**Instructions to follow:**
Give the data again exactly, without its images.
(Raw data)
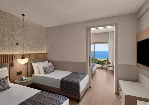 Dimensiuni: 48 mp Numar de camere: 2 camere Această cameră de familie este spațioasă și include aer condiționat, minibar, baie privată cu duș și un balcon cu vedere la mare. Unitatea de cazare include 3 paturi.
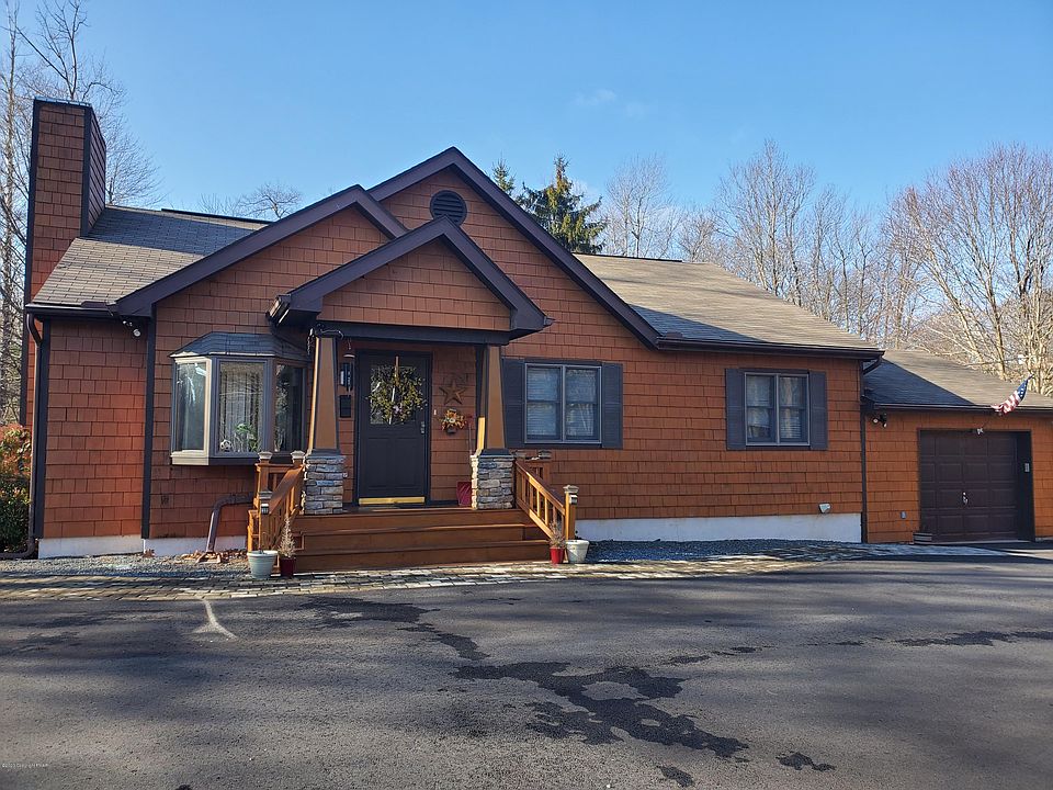 You want Beautiful Curb Appeal? This beautiful 3 bedroom 2 bathroom ranch home greets you from the road. Freshly painted cedar shake siding, paved circular driveway, 1 car garage, sitting on a corner semi fenced in lot within walking distance to the Township park. Inside is just as beautiful! Upon entering remove your shoes in mudroom and step onto the gorgeous wood laminate flooring throughout. Enjoy the cozy brick fireplace w/gas insert in the living room , also a separate family room for entertaining and your own Master bedroom suite. Be sure to check out the rear deck with awning! Be the next owner to show off your Pride in ownership! Very low dues community within driving distance to all Pocono Attractions and easy on/off highway access!
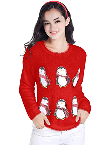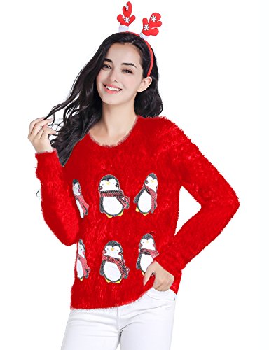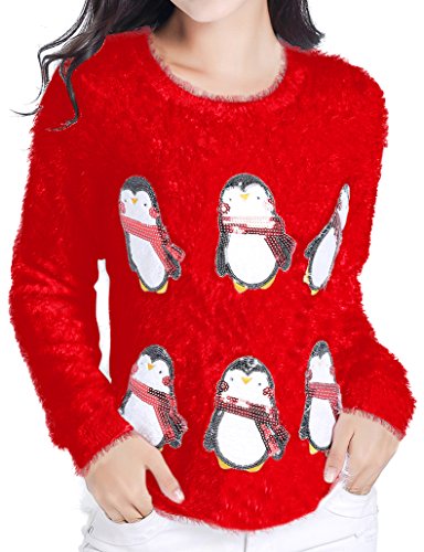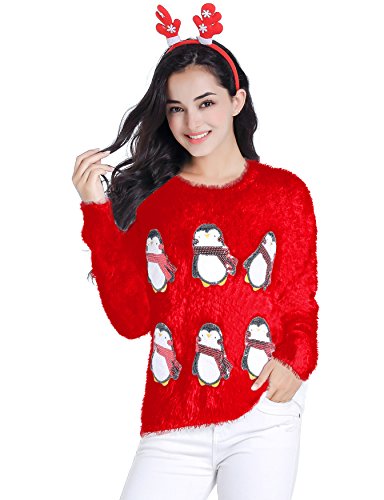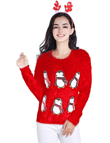 v28 Ugly Christmas Sweater, Women Ladies Girl Xmas Shining Santa Penguin Jumper (Large, CutePenguin Red)
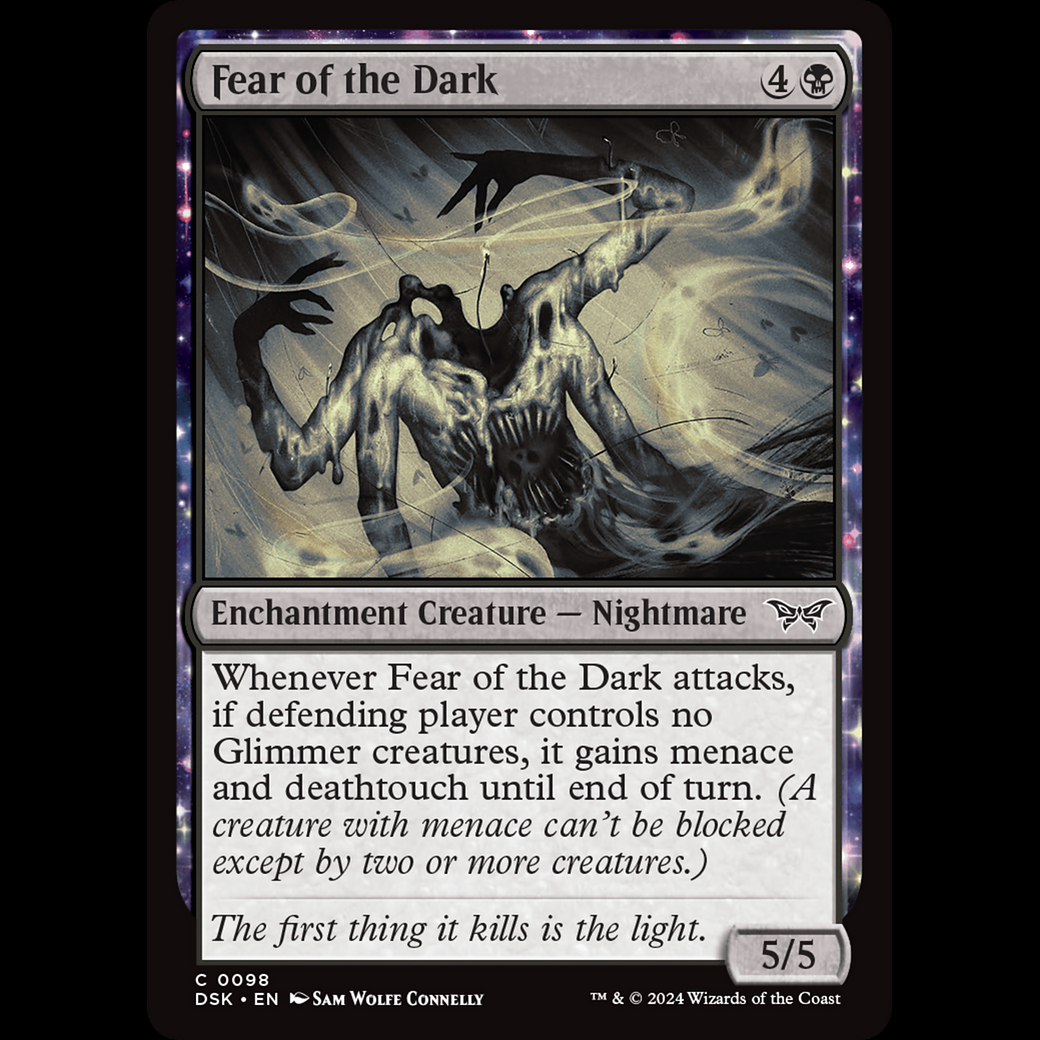 Whenever Fear of the Dark attacks, if defending player controls no Glimmer creatures, it gains menace and deathtouch until end of turn. (A creature with menace can't be blocked except by two or more creatures.)
(End Raw data)
**Output below:**
 Dimensiuni: 48 mp Numar de camere: 2 camere Această cameră de familie este spațioasă și include aer condiționat, minibar, baie privată cu duș și un balcon cu vedere la mare. Unitatea de cazare include 3 paturi.
 You want Beautiful Curb Appeal? This beautiful 3 bedroom 2 bathroom ranch home greets you from the road. Freshly painted cedar shake siding, paved circular driveway, 1 car garage, sitting on a corner semi fenced in lot within walking distance to the Township park. Inside is just as beautiful! Upon entering remove your shoes in mudroom and step onto the gorgeous wood laminate flooring throughout. Enjoy the cozy brick fireplace w/gas insert in the living room , also a separate family room for entertaining and your own Master bedroom suite. Be sure to check out the rear deck with awning! Be the next owner to show off your Pride in ownership! Very low dues community within driving distance to all Pocono Attractions and easy on/off highway access!
 v28 Ugly Christmas Sweater, Women Ladies Girl Xmas Shining Santa Penguin Jumper (Large, CutePenguin Red)
 Whenever Fear of the Dark attacks, if defending player controls no Glimmer creatures, it gains menace and deathtouch until end of turn. (A creature with menace can't be blocked except by two or more creatures.)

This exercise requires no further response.